On the structural side, the counting of streamlines to compute SC matrices, as done by Sarwar et al. and Neudorf et al., may not reflect meaningful differences in connection strength, as this count will strongly depend on confounding factors such as differences in region sizes, differences in bundle diameter, and specific choices for tractography parameters (Jones 2010; Jones et al. 2013; Smith et al. 2013; Yeh et al. 2021). Integrity measures such as Fractional Anisotropy or Mean Diffusivity may be more meaningful to quantify connection strength, although these are accompanied by some problems e.g. in and around crossing fibers (Jones 2010; Jones et al. 2013; Vos et al. 2012). Developing metrics to measure the integrity and strength of white matter connections, e.g. building upon methods such as SIFT (Smith et al. 2015a, b), as used by Benkarim et al., or investigating alternative microstructure measures (Chamberland et al. 2019; Raffelt et al. 2012), may strongly improve the individual-level information in SC.

Regarding functional connectivity, a controversial processing step in the context of functional connectivity mapping is the definition of edges in FC. The dominant choice to calculate the Pearson correlation coefficient between the activation time series of each pair of ROIs has been extensively criticized. Criticisms regard the failure to capture time dependencies in associations between brain regions (Chang and Glover 2010; Hutchison et al. 2013; Preti et al. 2017), the fact that Pearson correlation does not consider the causal processes that underlie activity patterns (Reid et al. 2019), or the dubious interpretability of negative correlations (Buckner et al. 2013; Murphy et al. 2009). Several alternatives have been proposed, such as explicitly modeling functional connectivity in a dynamic way (Preti et al. 2017) or investigating the causality in activations (effective connectivity) using Granger causality (Barnett and Seth 2014; Roebroeck et al. 2005). Although none of the alternatives has definitively proven to improve upon Pearson correlation in e.g. test-retest reliability (Noble et al. 2019), there has been little study into the structure-function relation using alternative definitions of FC. It is possible that the variation in the structure of the brain that we are able to measure with SC does not inform variation in Pearson correlation, but does inform variation in e.g. effective connectivity.
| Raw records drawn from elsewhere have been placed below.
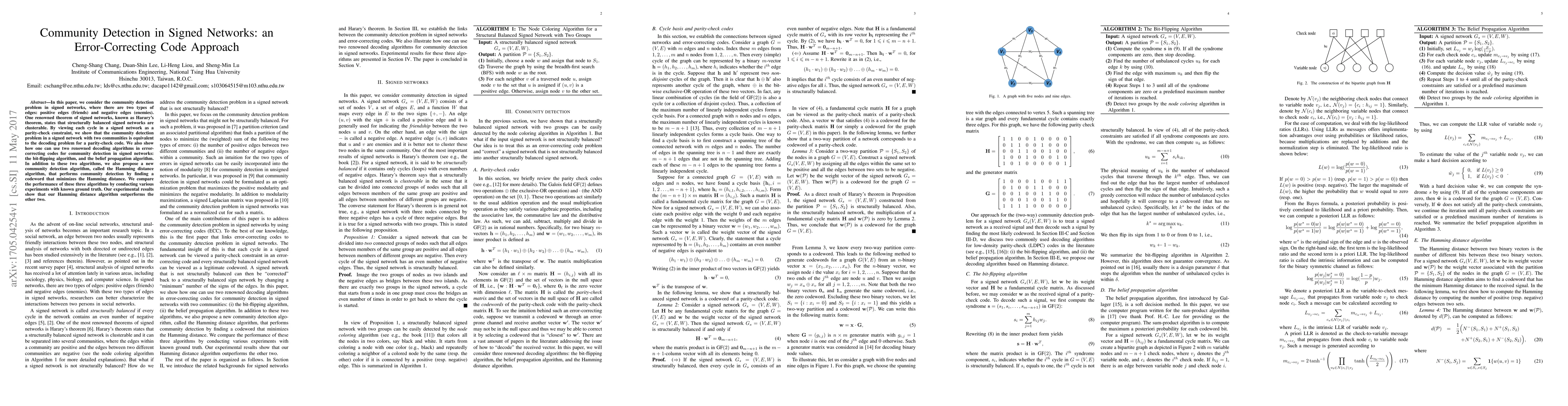 This paper explores community detection in signed networks using error-correcting code techniques. It proposes three algorithms—bit-flipping, belief propagation, and a new Hamming distance algorithm—to detect communities, demonstrating that the Hamming distance algorithm outperforms the others in experiments.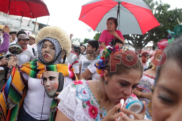 Parachicos y Chiapanecas vestidos en traje típico de Chapa de Corzo desfilaron por las calles de Tuxtla Gutiérrez en apoyo a maestros de la CNTE, quienes mantienen un planton en el centro de la capital de Chiapas.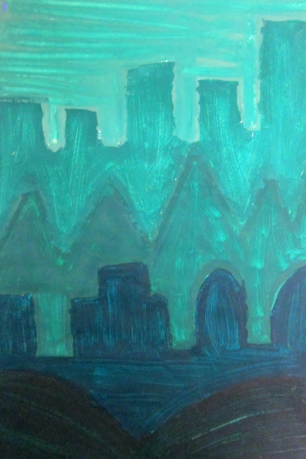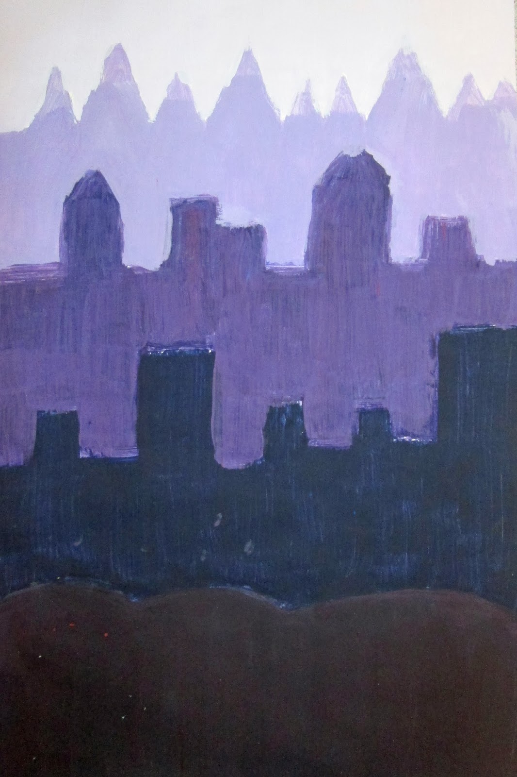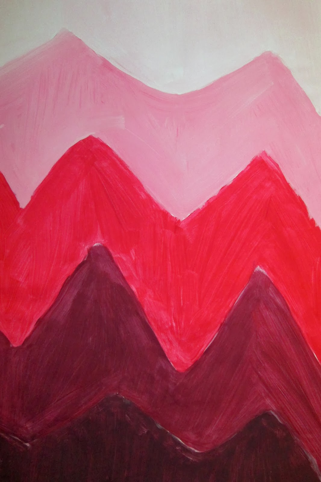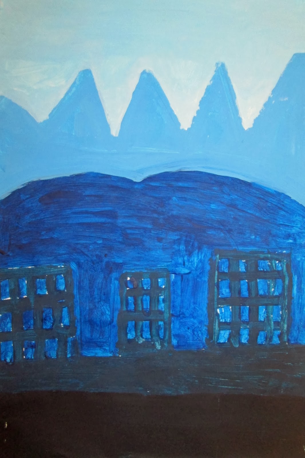 In 8th grade art we just finished a unit on value and to cap it off we created simplified landscapes that incorporated a 5 point value scale. Students drew simple layered landscapes and then painted them using 5 values (dark on the bottom------light on top). We discussed atmospheric perspective, and how colors on the horizon appear less saturated than those close to the viewer. Check them out: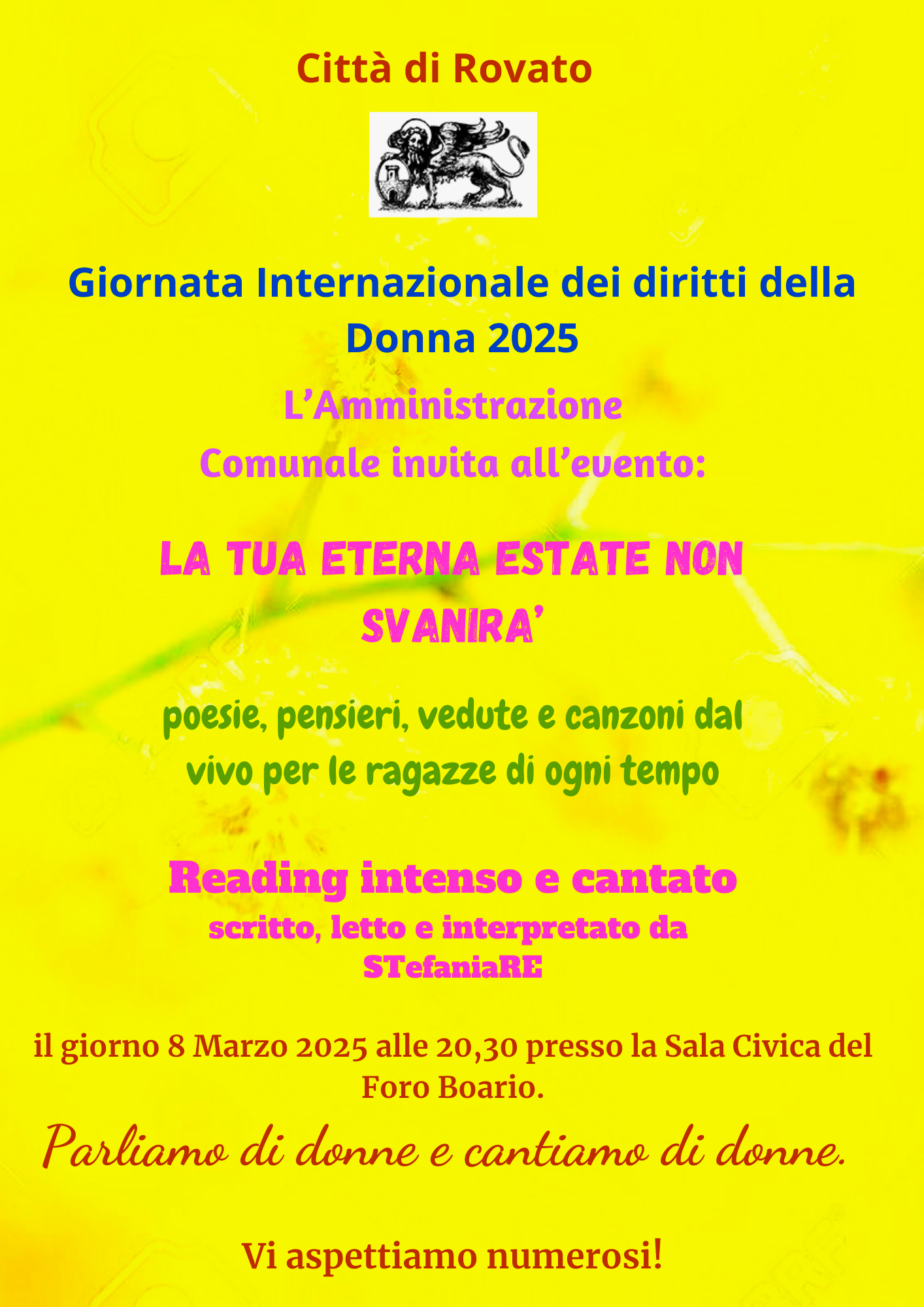 L'amministrazione comunale invita tutti i cittadini all'evento: la tua eterna estate non finirà. Poesie, pensieri, vedute e canzoni dal vivo per le ragazze di ogni tempo. Reading intenso e cantato. Scritto e interpretato da STefaniaRE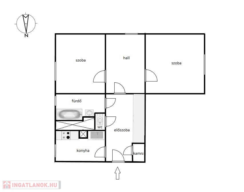 - 3 szoba, előszoba, konyha, kamra, fürdőszoba WC-vel, pince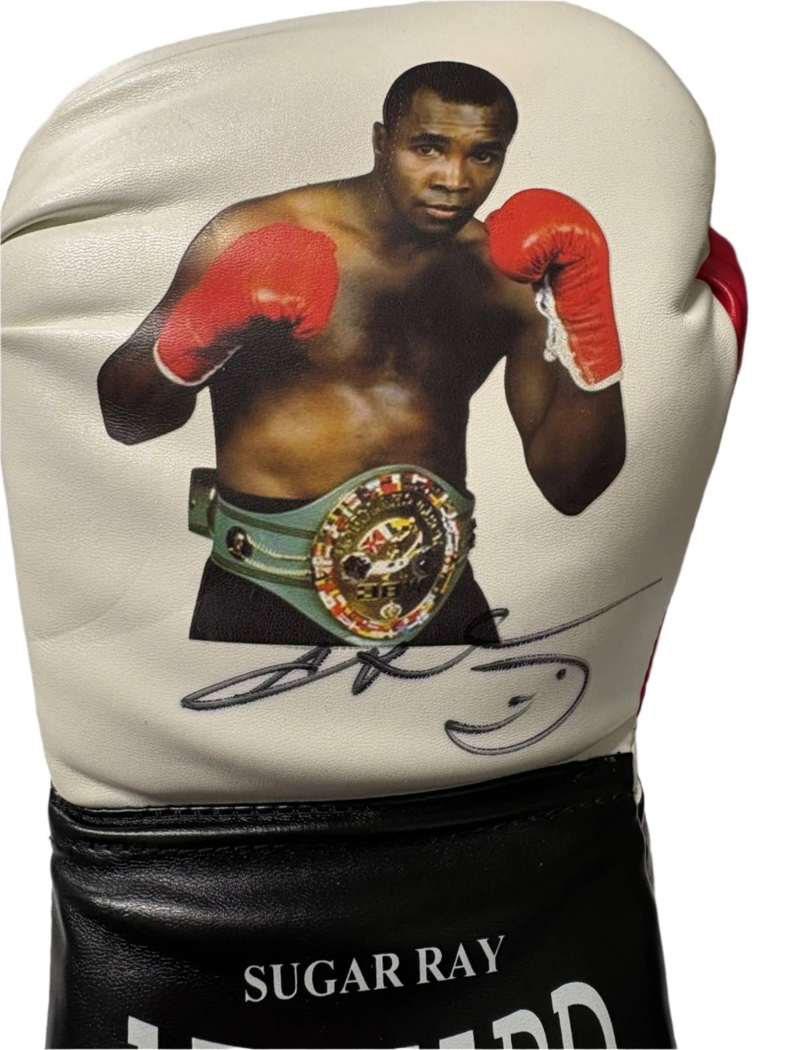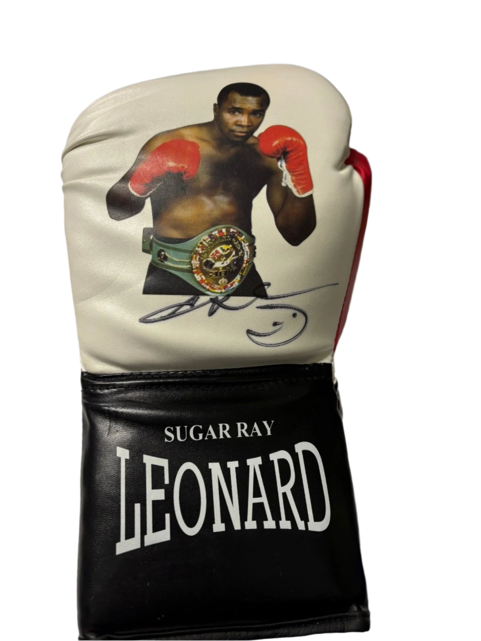 This signed white photo boxing glove featuring the legendary fighter Sugar Ray Leonard is the ultimate collector's item for boxing enthusiasts. With an expertly authenticated certificate of authenticity, this piece is a surefire way to elevate your boxing memorabilia collection.

Other steps in the functional preprocessing pipeline, such as the controversial Global Signal Regression (Liu et al. 2017; Mayhew et al. 2016; Murphy and Fox 2017) or bandpass filtering (Shirer et al. 2015) could also significantly affect results. We think it is important to systematically investigate the assumptions underlying the different methods of constructing both SC and FC, and achieve some consensus on a processing pipeline that reliably captures the most informative inter-individual variation.
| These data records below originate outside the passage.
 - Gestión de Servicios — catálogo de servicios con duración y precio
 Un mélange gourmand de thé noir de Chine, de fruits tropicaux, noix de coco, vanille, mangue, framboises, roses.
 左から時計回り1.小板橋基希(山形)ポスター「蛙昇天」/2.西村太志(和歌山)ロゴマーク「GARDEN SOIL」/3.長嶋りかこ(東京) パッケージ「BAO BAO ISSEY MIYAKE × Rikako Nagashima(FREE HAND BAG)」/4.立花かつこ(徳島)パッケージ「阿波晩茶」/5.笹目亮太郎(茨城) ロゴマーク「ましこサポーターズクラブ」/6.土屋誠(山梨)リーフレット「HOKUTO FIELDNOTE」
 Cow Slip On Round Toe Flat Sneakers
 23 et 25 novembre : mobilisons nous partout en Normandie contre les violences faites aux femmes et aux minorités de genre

Finally, as in all modeling problems, an increased sample size may allow for a better fit of the proposed models and increase their generalizability.

Future work

We believe it is important to continue this line of work, and to expand upon the methodology of the three studies in order to achieve higher prediction performance or otherwise meaningful predictions. We especially think it is important to explicitly ensure that predictive models do not simply converge to predicting some group average, such as the proposed method by Sarwar et al. did, and this practice should become the standard in structure-function prediction publications. Finally, we believe that taking a step back and re-assessing the construction of SC and FC may yield more informative versions of both, and thus improve the chances of finding a meaningful mapping from structure to function at an individual level. Specifically, for the construction of SC, more meaningful metrics of connection strength should be considered. For FC, alternatives for the Pearson correlation coefficient that take into account time dependence or causality may be more informative. Finally, we wish to emphasize that our results do not suggest that studying the mapping between SC and FC is flawed in general, since much has been learned from group-level studies in the past. Rather, we argue that additional care should be taken to properly design and interpret the results of studies conducted at an individual level.